The molecular mechanisms controlling human birth timing at term, or resulting in preterm birth, have been the focus of considerable investigation, but limited insights have been gained over the past 50 years. In part, these processes have remained elusive because of divergence in reproductive strategies and physiology shown by model organisms, making extrapolation to humans uncertain. Here, we summarize the evolution of progesterone signaling and variation in pregnancy maintenance and termination. We use this comparative physiology to support the hypothesis that selective pressure on genomic loci involved in the timing of parturition have shaped human birth timing, and that these loci can be identified with comparative genomic strategies. Previous limitations imposed by divergence of mechanisms provide an important new opportunity to elucidate fundamental pathways of parturition control through increasing availability of sequenced genomes and associated reproductive physiology characteristics across diverse organisms.
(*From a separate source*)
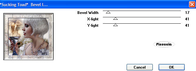 Effetti>Plugins>Toadies - *Sucking Toad* Bevel I (attenzione, nella lista è il primo), con i seguenti settaggi: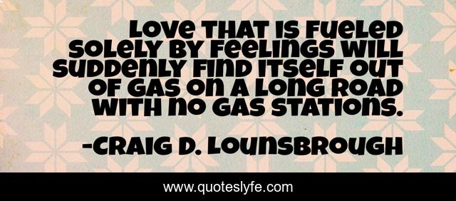 This page presents the quote "Love that is fueled solely by feelings will suddenly find itself out of gas on a long road with no gas stations.". Author of this quote is Craig D. Lounsbrough. This quote is about loved, superficial, love, shallow, gas, emotions, feelings, fueled, station,.

Progesterone receptor expression declines in the guinea pig uterus during functional progesterone withdrawal and in response to prostaglandins

Progesterone withdrawal is essential for parturition, but the mechanism of this pivotal hormonal change is unclear in women and other mammals that give birth without a pre-labor drop in maternal progesterone levels. One possibility suggested by uterine tissue analyses and cell culture models is that progesterone receptor levels change at term decreasing the progesterone responsiveness of the myometrium, which causes progesterone withdrawal at the functional level and results in estrogen dominance enhancing uterine contractility. In this investigation we have explored whether receptor mediated functional progesterone withdrawal occurs during late pregnancy and labor in vivo. We have also determined whether prostaglandins that induce labor cause functional progesterone withdrawal by altering myometrial progesterone receptor expression. Pregnant guinea pigs were used, since this animal loses progesterone responsiveness at term and gives birth in the presence of high maternal progesterone level similarly to primates. We found that progesterone receptor mRNA and protein A and B expression decreased in the guinea pig uterus during the last third of gestation and in labor. Prostaglandin administration reduced while prostaglandin synthesis inhibitor treatment increased progesterone receptor A protein abundance. Estrogen receptor-1 protein levels remained unchanged during late gestation, in labor and after prostaglandin or prostaglandin synthesis inhibitor administration. Steroid receptor levels were higher in the non-pregnant than in the pregnant uterine horns. We conclude that the decreasing expression of both progesterone receptors A and B is a physiological mechanism of functional progesterone withdrawal in the guinea pig during late pregnancy and in labor. Further, prostaglandins administered exogenously or produced endogenously stimulate labor in part by suppressing uterine progesterone receptor A expression, which may cause functional progesterone withdrawal, promote estrogen dominance and foster myometrial contractions.